Throttling protects backend services by limiting the number of requests forwarded to an origin within a given time period. This helps avoid cascading failures or spare resources on upstream services with known capacity limits.

If the throttle limit is exceeded, Couper either queues the request until the next period (mode = "wait", default) or immediately responds with HTTP status 429 (mode = "block"). Exceeded limits in block mode can be handled with an error_handler using the backend_throttle_exceeded error type.

Block nameContextLabel
throttlenamed backend blockno label

Example: Sliding window (wait mode)

Allows 100 requests per minute to the backend. Excess requests wait for a free slot:

definitions {
  backend "my_api" {
    origin = "https://api.example.com"

    throttle {
      period     = "1m"
      per_period = 100
    }
  }
}

Example: Fixed window (block mode)

Allows 10 requests per second.

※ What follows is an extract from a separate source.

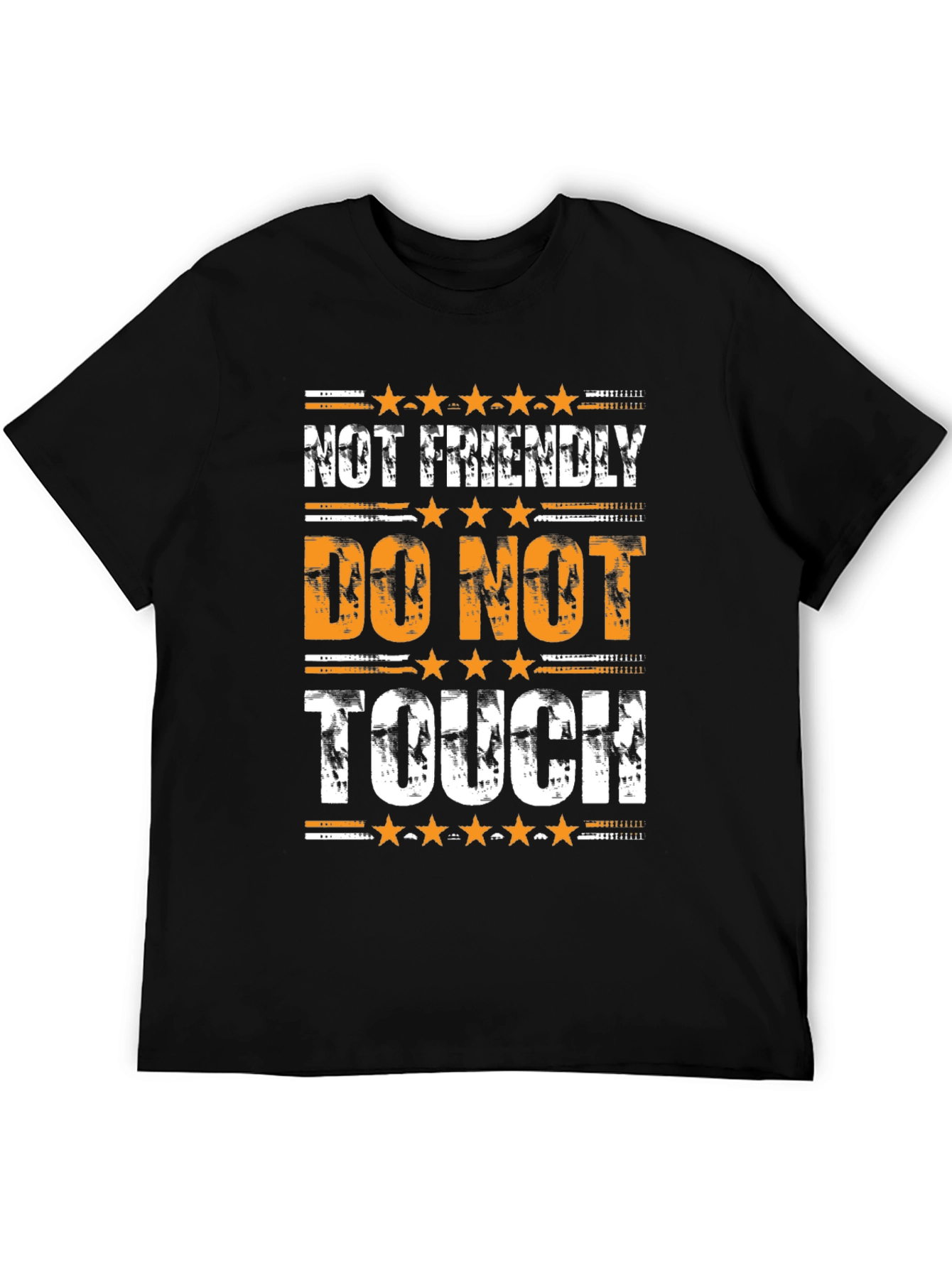 Make a statement with this bold black graphic tee. Featuring the phrase "Not Friendly, Do Not Touch" in distressed white and orange lettering, this t-shirt conveys a clear message with a touch of edgy style. Decorative star and line elements accentuate the design, adding to its unique appeal. Made from a soft-looking fabric, this tee offers both comfort and durability. Perfect for casual wear, concerts, or expressing your unique personality, this t-shirt will definitely make you stand out from the crowd. Ideal for those who like to keep to themselves with a touch of humor.

Excess requests are immediately rejected with HTTP 429:

definitions {
  backend "strict_api" {
    origin = "https://api.example.com"

    throttle {
      period        = "1s"
      per_period    = 10
      period_window = "fixed"
      mode          = "block"
    }
  }
}

server {
  endpoint "/strict" {
    proxy {
      backend = "strict_api"
    }

    error_handler "backend_throttle_exceeded" {
      response {
        status = 429
        headers = {
          retry-after = "1"
        }
        json_body = {
          error = "rate limit exceeded, try again later"
        }
      }
    }
  }
}

Attributes

NameTypeDefaultDescription
mode
string
"wait"
If mode is set to block and the throttle limit is exceeded, the client request is immediately answered with HTTP status code 429 (Too Many Requests) and no backend request is made. If mode is set to wait and the throttle limit is exceeded, the request waits for the next free throttling period.
per_period
number
-
Defines the number of allowed backend requests in a period.
period
duration
-
Defines the throttle period.
period_window
string
"sliding"
Defines the window of the period. A fixed window permits per_period requests within period after the first request to the parent backend. After the period has expired, another per_period request is permitted. The sliding window ensures that only per_period requests are sent in any interval of length period.

Duration

Values of type duration are provided as number string followed by a unit listed below.

Example: timeout = "300s"

Duration unitsDescription
nsnanoseconds
us (or µs)microseconds
msmilliseconds
sseconds
mminutes
hhours